Task statement: Would you repeat every entry below word for word but drop the images?

Dataset records:

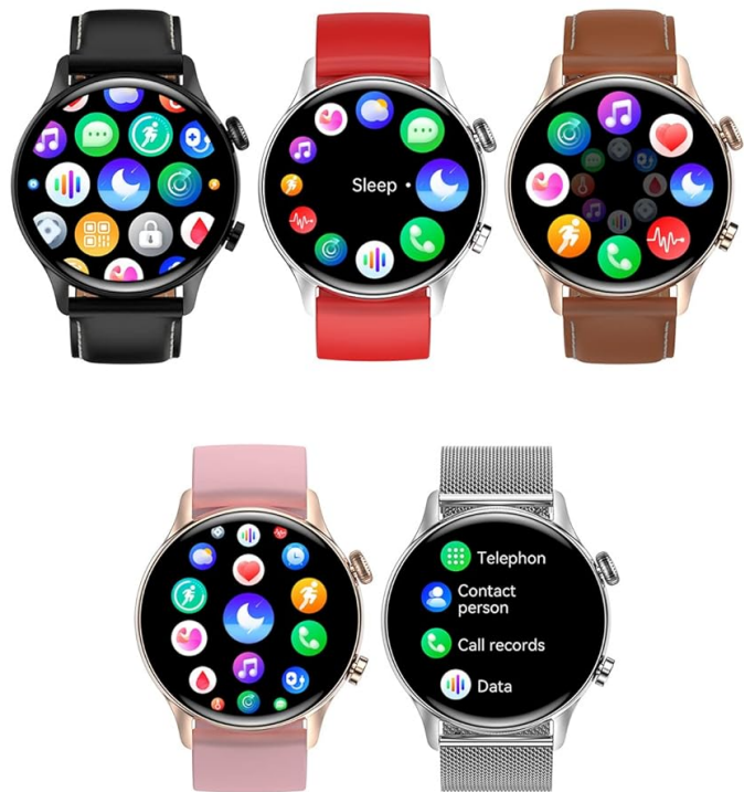
Image: Multiple watch faces and five distinct menu interface styles are shown, demonstrating customization options for the HK8 Pro Smart Watch.

There are 5 sets of built-in menu interfaces, with different styles for you to choose.
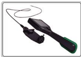
changeable lens cable
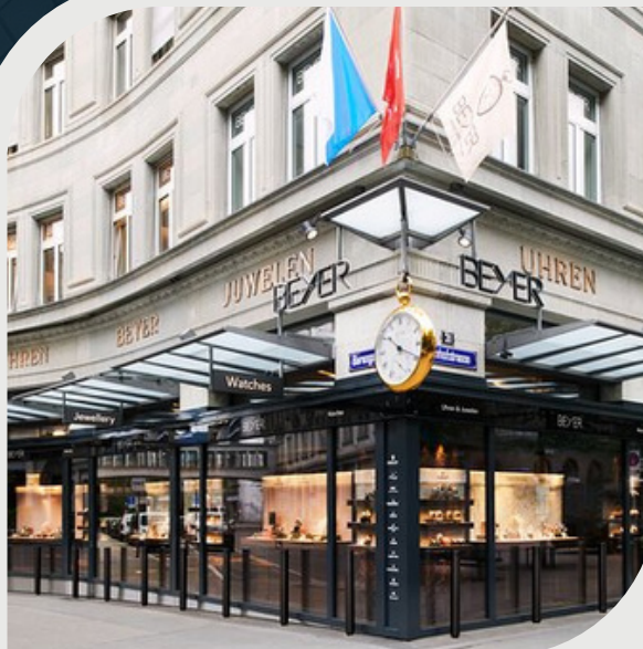
Beyer Clock & Watch Museum
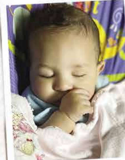
Hush little baby...

Solution:
Image: Multiple watch faces and five distinct menu interface styles are shown, demonstrating customization options for the HK8 Pro Smart Watch.

There are 5 sets of built-in menu interfaces, with different styles for you to choose.
changeable lens cable
Beyer Clock & Watch Museum
Hush little baby...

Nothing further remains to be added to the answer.